According to Space-X, the Falcon Heavy—an iteration of the Falcon 9 spacecraft that launched in 2012—can lift twice the payload of any other rocket currently on the market. It’s beat only by NASA’s Saturn V, the United States’ largest and most powerful launch vehicle to date. The Saturn V sent Apollo 11 astronauts, and later Skylab, into orbit in the late 1960s and early 1970s.
“The rocket engines for the Falcon 9 are standard, liquid fuel rocket engines that have a very strong lineage to the earlier Apollo-era rocket engines,” Lassman said.
What makes the Falcon Heavy remarkable, though, is its reusable first stage—earlier launch vehicles were disposable and expensive. This could bring down costs and shake up the commercial spaceflight market—though, Lassman cautions, there’s still a ways to go to see how the market develops.

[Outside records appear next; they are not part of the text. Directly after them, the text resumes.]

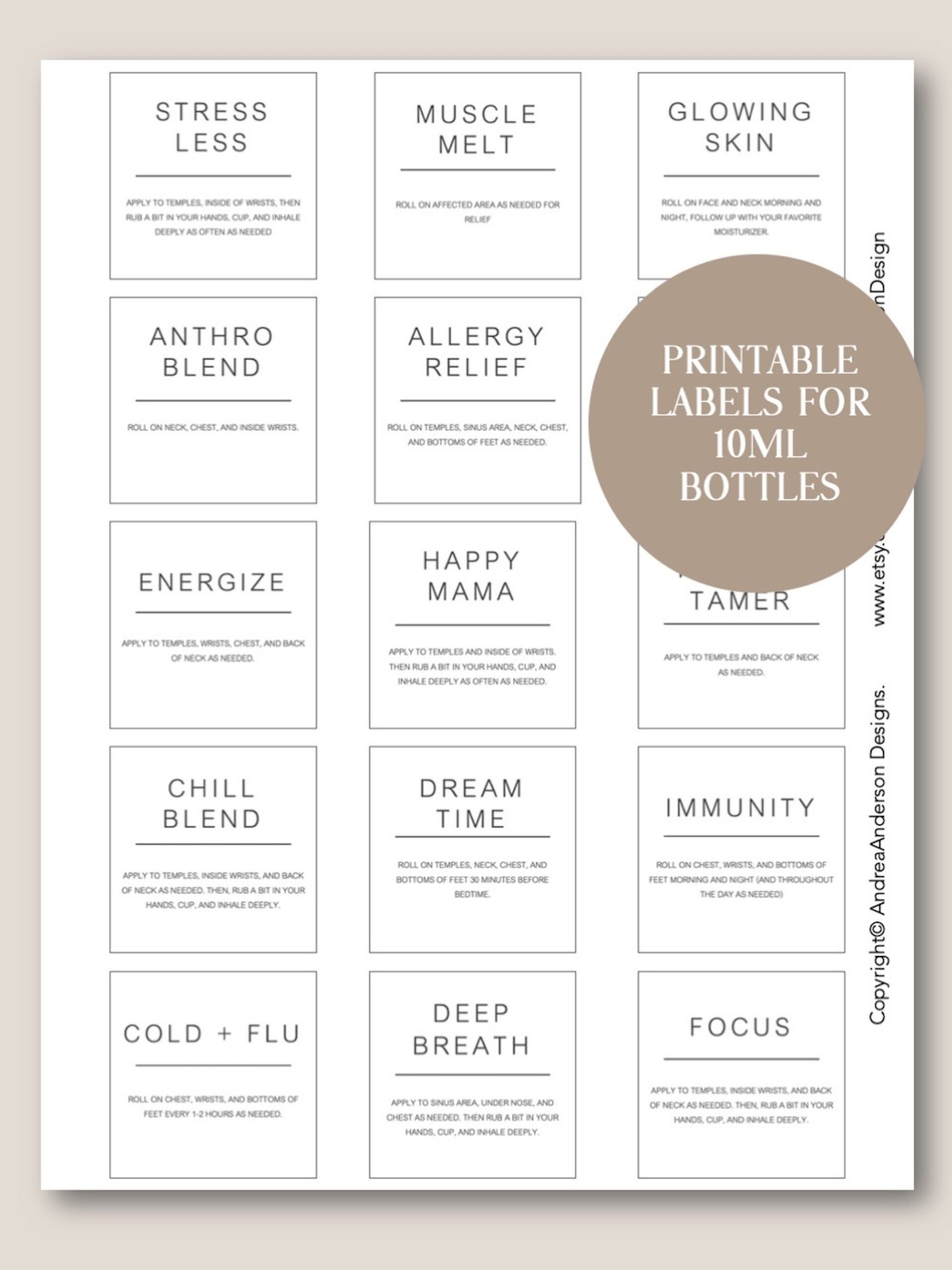 PRINTABLE Essential Oil 10ml Roller Bottle Labels Minimalist Essential Oil Label DIY Essential Oil Gift Printable Essential Oil Label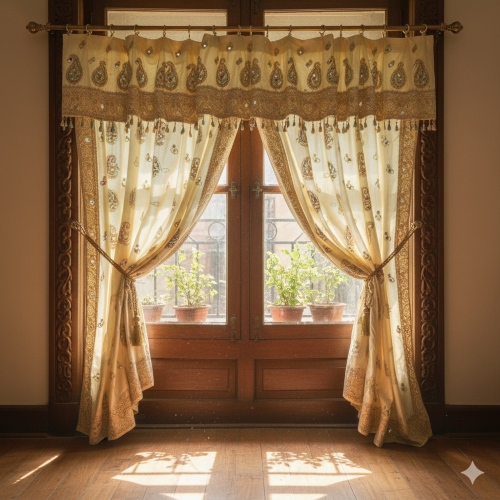 Use as blinds– Choosing fabrics for curtains and blinds is tricky, and not so pocket friendly if you are looking for something rich. But if you have an old saree which no longer interests you, then use them as a fabric for your blinds and they will change the look of your home completely.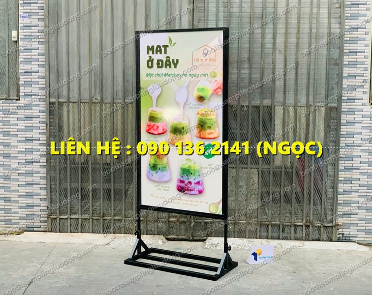 Model : standee quảng cáo ngoài trời, standee hai mặt chịu gió, standee đứng vỉa hè, standee chân sắt đứng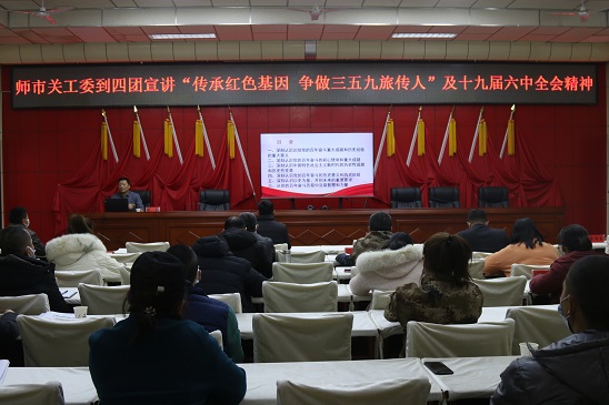 清风网讯(四团文体广电服务中心: 慕进军)12月22日,师市关工委宣讲团成员、师市关工委常务副主任武玲玲,师市党委党校原副校长赵勇赴四团开展学习宣传“传承红色基因•争做三五九旅传人”党的十九届六中全会精神专题宣讲会,引导广大党员干部群众把思想和行动统一到全会精神上来,推动全团兴起学习宣传贯彻党的十九届六中全会精神的热潮。四团党委副书记、团长张学军主持宣讲会,机关科室中心负责人,连队、社区老党员,老干部,职工,居民代表聆听宣讲。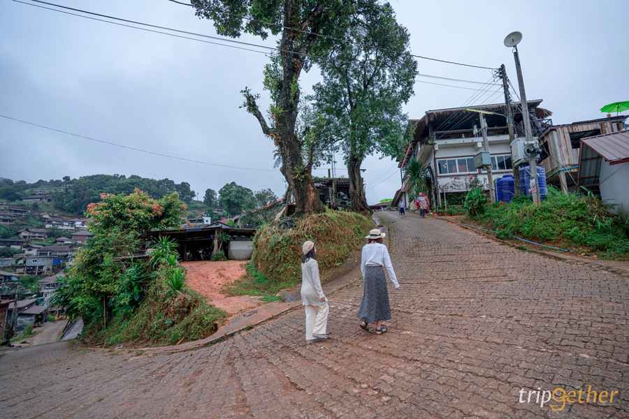 กินข้าวอิ่มๆ ก็ขอเดินย่อยสักหน่อย ซึ่งในหมู่บ้านจะมีมัคคุเทศก์น้อย ค่อยพาเที่ยวด้วย และในทริปนี้เราได้น้องพีท ลูกชายเจ้าของโฮมสเตย์ภูผาฮี้พาเที่ยวกับกลุ่มเพื่อนๆ

The Falcon series has been in development since the early 2000s, and its “evolutionary process” has echoed how other rocket propulsion technologies and launch vehicles have been tested for decades, Lassman said. The early system failures of the Falcon 1 model were analogous to early rocket development in the United States—it was quite often an approach of learning by doing, testing new technological approaches to see what worked and what needed to be tweaked.
For Space-X, one of its biggest challenges has been how to incorporate re-entry and maneuvering systems that would allow the rocket to come back down to Earth stably and safely. According to Lassman, overcoming that challenge is what makes Space-X’s Falcon Heavy potentially so groundbreaking.